# Paedobaptism & the Covenants of God



## danmpem (Jun 26, 2008)

This is from the "a non-argumentative question for paedobaptists" thread.



larryjf said:


> a mere housewife said:
> 
> 
> > how can we make an assumption that baptism should be administered in the same way as circumcision when girls are now baptised?
> ...



I didn't understand the last paragraph. Could you expand on that further? 

Also, how is the kingdom of David different from the nation of Moses? At the beginning of David's reign, wasn't he only king of Judah? And then, I think it was later he was king of all Israel. He was also called "king of Jerusalem". Is there any relevance between the three distinct titles and the covenant with David?

Thanks!


----------



## Contra_Mundum (Jun 26, 2008)

If David and the kingdom marks any clear, symbolic progress, I would say it was in this: that he took a fragmented and divided nation, and unified them. It also appears that his kingdom is marked by a rather significant influx of former aliens. So, there is the symbol of calling the world in to join God's people, still confined to a tiny spot on the larger map. The difference being in Messiah's age, that the whole map is now designated as his.


----------



## danmpem (Jun 26, 2008)

Thank you, Rev. Buchanan. That helped put a lot into perspective. I guess I'm still having a little trouble connecting all of that with baptism in the New Covenant. I can picture a credo making the case that they do the covenants more justice in that nowadays people who _profess_ to be believers in Christ are baptized, instead of baptizing children who may or may not be believers. How could I approach this based on the information you just gave me?


----------



## Contra_Mundum (Jun 26, 2008)

Who gets attached or "taken in" to God's people? Individuals _*and their families*_--at least that was the way it was during every age preceding this one. Which seems to be the point in question these days.
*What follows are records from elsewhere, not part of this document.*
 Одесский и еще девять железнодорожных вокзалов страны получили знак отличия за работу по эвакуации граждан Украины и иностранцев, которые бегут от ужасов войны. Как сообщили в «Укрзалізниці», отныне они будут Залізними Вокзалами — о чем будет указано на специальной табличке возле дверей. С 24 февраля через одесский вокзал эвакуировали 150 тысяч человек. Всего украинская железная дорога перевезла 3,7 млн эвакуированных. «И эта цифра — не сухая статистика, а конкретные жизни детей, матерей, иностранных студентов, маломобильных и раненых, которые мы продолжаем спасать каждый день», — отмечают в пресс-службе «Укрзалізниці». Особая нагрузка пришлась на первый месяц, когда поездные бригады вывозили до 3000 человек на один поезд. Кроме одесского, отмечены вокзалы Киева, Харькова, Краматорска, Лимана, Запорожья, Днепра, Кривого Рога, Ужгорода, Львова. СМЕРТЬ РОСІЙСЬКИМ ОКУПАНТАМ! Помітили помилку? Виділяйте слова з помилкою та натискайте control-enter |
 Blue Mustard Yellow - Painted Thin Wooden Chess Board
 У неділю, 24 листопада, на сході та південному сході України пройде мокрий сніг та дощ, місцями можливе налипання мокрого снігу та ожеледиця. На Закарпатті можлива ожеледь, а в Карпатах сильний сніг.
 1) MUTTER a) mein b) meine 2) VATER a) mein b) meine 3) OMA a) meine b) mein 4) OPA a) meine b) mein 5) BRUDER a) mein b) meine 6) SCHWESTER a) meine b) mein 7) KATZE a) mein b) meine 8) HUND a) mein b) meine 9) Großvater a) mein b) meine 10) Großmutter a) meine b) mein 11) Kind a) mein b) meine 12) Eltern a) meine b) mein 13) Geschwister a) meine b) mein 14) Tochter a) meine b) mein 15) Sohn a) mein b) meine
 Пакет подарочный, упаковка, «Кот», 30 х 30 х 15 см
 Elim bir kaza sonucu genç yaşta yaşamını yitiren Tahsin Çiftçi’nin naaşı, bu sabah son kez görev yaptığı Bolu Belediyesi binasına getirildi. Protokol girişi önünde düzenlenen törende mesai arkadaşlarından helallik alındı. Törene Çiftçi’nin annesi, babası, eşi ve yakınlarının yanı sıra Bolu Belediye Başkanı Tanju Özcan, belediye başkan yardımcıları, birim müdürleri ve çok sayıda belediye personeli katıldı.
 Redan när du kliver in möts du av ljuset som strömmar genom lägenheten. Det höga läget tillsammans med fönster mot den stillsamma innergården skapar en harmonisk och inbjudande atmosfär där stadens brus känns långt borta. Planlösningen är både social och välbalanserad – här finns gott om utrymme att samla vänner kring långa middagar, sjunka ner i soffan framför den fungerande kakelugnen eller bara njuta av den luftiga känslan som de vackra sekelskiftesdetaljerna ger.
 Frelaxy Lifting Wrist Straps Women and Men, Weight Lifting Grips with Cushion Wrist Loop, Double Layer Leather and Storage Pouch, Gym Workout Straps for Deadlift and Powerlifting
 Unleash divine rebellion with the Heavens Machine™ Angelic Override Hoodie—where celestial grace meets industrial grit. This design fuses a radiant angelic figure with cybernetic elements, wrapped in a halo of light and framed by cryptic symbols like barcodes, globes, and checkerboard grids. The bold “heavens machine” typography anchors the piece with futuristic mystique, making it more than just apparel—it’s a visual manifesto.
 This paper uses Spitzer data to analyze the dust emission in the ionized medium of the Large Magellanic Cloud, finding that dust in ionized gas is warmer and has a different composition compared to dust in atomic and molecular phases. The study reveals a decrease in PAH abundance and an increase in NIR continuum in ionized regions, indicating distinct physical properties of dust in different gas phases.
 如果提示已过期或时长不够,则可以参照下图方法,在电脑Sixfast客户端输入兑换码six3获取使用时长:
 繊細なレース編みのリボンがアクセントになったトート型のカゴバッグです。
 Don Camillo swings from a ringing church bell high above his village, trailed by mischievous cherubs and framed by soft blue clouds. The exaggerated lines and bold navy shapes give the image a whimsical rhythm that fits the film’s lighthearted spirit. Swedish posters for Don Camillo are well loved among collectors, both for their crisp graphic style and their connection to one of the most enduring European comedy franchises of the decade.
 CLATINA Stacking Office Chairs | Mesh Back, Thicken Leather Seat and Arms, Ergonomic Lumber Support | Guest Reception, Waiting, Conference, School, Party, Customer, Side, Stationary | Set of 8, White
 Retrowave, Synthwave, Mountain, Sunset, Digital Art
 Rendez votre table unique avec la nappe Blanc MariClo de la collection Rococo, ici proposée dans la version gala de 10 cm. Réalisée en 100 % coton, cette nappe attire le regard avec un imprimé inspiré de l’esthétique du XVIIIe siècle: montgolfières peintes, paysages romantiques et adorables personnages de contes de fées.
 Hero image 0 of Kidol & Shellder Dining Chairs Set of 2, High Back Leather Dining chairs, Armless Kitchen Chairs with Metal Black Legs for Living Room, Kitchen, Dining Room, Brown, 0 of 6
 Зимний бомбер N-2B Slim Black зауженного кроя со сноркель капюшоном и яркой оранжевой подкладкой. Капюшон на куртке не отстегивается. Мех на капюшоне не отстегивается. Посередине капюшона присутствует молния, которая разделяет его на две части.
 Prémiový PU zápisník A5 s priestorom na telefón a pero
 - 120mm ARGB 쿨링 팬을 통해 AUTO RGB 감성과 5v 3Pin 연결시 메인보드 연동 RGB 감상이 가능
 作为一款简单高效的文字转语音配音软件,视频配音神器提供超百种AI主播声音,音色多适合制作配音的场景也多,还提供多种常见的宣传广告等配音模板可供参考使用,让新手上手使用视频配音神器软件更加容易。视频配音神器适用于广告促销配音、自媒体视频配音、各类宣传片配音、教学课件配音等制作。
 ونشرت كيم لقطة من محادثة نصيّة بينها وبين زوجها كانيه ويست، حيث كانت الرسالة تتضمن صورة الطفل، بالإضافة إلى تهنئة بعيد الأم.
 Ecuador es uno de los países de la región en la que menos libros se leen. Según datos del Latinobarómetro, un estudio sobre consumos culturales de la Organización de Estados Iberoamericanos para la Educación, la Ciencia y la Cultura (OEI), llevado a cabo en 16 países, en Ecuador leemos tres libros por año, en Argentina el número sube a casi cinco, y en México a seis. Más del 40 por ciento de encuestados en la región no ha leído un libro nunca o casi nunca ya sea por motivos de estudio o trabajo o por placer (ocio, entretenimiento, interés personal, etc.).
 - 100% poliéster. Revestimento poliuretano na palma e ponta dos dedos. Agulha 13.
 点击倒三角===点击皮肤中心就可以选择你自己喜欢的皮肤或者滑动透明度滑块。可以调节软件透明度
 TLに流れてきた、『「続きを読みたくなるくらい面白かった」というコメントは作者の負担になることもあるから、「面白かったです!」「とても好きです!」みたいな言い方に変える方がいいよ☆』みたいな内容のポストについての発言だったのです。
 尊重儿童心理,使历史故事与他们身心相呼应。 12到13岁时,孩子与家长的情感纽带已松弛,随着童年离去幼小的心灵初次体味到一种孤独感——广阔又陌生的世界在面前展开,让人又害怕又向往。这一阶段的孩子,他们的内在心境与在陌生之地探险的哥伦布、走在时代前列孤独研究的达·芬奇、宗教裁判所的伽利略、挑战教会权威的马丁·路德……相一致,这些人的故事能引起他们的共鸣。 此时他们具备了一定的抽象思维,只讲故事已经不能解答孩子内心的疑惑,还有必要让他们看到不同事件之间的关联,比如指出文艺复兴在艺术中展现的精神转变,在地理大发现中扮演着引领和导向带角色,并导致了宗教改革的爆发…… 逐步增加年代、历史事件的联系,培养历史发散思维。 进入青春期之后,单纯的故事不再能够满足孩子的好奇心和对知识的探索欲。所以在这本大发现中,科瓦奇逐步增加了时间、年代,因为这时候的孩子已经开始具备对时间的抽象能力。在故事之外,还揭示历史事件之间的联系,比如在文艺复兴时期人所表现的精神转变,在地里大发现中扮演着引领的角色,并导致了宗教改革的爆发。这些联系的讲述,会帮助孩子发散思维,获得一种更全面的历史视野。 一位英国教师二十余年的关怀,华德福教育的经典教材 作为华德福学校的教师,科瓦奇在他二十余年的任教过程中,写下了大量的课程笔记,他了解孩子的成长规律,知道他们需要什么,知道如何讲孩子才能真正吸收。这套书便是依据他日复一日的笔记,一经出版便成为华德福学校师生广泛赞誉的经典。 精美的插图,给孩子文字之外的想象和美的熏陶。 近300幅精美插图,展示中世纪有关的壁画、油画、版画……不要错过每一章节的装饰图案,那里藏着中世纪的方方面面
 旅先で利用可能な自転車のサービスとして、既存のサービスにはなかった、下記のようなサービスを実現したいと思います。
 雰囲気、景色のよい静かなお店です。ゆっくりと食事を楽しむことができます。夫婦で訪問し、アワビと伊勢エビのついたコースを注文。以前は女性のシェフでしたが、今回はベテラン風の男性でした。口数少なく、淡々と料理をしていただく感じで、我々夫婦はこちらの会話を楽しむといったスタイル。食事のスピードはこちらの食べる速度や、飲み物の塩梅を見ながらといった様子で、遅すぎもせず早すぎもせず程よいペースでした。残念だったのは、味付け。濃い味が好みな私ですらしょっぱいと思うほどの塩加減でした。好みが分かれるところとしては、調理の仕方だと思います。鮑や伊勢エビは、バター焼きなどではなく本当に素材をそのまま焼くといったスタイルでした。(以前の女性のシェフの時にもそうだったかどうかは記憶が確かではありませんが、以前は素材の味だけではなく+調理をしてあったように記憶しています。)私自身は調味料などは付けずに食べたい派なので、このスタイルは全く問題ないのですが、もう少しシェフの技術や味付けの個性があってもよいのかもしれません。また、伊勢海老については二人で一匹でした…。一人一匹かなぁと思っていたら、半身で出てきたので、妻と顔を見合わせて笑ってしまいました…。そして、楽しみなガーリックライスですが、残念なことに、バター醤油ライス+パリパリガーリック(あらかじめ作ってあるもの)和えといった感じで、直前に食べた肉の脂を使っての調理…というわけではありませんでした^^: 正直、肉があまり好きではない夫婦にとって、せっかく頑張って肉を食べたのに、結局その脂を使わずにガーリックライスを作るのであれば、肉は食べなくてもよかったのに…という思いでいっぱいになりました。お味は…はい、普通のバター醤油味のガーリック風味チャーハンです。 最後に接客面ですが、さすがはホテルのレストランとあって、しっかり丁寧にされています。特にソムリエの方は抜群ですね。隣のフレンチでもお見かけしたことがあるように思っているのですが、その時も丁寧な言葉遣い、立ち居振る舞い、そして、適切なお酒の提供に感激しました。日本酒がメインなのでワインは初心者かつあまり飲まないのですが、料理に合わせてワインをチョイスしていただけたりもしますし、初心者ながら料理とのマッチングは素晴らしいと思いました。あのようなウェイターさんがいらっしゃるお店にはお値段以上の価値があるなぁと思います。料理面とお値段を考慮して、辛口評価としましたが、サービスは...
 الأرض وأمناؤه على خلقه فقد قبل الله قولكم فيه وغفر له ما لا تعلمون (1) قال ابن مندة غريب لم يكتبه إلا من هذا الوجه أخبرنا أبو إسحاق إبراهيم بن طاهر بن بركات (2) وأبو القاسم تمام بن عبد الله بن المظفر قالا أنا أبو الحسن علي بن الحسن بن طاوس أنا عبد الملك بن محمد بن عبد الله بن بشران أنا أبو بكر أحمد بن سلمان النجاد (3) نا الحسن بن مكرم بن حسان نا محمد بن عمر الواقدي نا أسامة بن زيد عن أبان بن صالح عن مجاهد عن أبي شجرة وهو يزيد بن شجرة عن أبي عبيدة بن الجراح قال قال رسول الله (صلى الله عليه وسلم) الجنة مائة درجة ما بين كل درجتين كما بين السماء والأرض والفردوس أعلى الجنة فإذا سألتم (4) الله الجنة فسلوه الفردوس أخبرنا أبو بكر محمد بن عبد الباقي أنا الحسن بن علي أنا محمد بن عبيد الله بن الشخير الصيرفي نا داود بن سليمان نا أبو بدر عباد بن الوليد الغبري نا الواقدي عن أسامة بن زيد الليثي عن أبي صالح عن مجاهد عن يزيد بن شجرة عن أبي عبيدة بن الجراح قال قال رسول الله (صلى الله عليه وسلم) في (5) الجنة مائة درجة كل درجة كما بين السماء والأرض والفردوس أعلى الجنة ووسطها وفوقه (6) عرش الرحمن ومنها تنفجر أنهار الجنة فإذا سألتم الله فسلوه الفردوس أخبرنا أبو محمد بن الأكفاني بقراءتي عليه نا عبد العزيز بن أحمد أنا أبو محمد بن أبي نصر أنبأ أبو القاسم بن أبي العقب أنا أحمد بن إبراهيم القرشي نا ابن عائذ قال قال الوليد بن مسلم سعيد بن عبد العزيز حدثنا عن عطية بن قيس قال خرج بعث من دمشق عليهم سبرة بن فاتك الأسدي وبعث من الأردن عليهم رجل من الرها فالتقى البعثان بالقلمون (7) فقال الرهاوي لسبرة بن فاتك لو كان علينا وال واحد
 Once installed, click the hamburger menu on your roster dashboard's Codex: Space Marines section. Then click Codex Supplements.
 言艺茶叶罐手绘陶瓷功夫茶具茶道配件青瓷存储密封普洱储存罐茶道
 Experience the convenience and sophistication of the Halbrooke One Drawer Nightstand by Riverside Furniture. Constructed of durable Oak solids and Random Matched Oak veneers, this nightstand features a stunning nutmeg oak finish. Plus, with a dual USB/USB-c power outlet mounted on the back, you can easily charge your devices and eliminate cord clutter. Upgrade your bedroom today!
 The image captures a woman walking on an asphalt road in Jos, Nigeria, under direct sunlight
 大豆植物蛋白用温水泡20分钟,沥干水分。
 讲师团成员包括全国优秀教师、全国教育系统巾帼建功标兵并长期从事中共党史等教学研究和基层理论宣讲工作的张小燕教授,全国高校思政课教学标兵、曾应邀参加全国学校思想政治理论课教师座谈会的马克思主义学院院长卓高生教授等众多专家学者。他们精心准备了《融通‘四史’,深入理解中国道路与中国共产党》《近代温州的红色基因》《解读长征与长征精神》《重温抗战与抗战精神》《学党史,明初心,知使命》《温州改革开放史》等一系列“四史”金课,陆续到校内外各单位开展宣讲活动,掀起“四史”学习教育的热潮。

Demand an explanation for why this should be different now, or why, as the kingdom starts to expand territorially (btw, I'm speaking as an amillienialist here) there should be a different "claim" of ownership by the King? A "lesser" claim of ownership?

Everything that is _mine _is actually _God's_. This includes MY children. Did we get to this point following the pattern, only to have God now say: "I don't lay claim to those possessions of yours." If he says that "Well, now God claims everything," I reply, "Sure, and he always has." And yet he marked out the people and place which were *decisively *his. He separated those who would identify themselves with him, those whom he would publicly acknowledge.

God takes us, and everything we are and have, and disowns our children at the same time? *I don't think so*. He may put them out later on: temporarily for discipline, or permanently as a just punishment.

You could put it this way: From here (the Resurrection) on out, the difference is Christ and his kingdom on the offensive. Henceforth, man's situation is that he is encountering God's claims everywhere and always--not just in nature, but especially in the full gospel proclamation. He either runs away, or he gets swallowed up; he either submits going in, or he gets taken inside unhumbled. If he finds himself "inside" without a wedding garment he is getting thrown outside. God's kingdom is gobbling up everything. And he's keeping the fat, and spitting out the bones.

The other notion is that He is too "dainty" (in this polluted world!) to engulf any but the elect. Its up to us to keep his plate clean. _I can't accept that responsibility. _ The purified church is an eschatological fact, not an earthly, this-worldly one. I don't have a functioning "elector-detector." And I don't think he ever asked us to "bone" his plate. He invited US to HIS meal. And we are responsible for disciplining that which we can see.


----------



## MW (Jun 26, 2008)

Bruce has explained it well. In essence, grace superabounds in the NT, but in the case of infants who are excluded from covenant privileges it is apparent that grace has been restricted and sin much more abounds.


----------



## danmpem (Jun 26, 2008)

Contra_Mundum said:


> Who gets attached or "taken in" to God's people? Individuals _*and their families*_--at least that was the way it was during every age preceding this one. Which seems to be the point in question these days.
> 
> Demand an explanation for why this should be different now, or why, as the kingdom starts to expand territorially (btw, I'm speaking as an amillienialist here) there should be a different "claim" of ownership by the King? A "lesser" claim of ownership?
> 
> ...





I am going to go sit on that for while. Thank you so much, Bruce. This has help me understand a LOT.


----------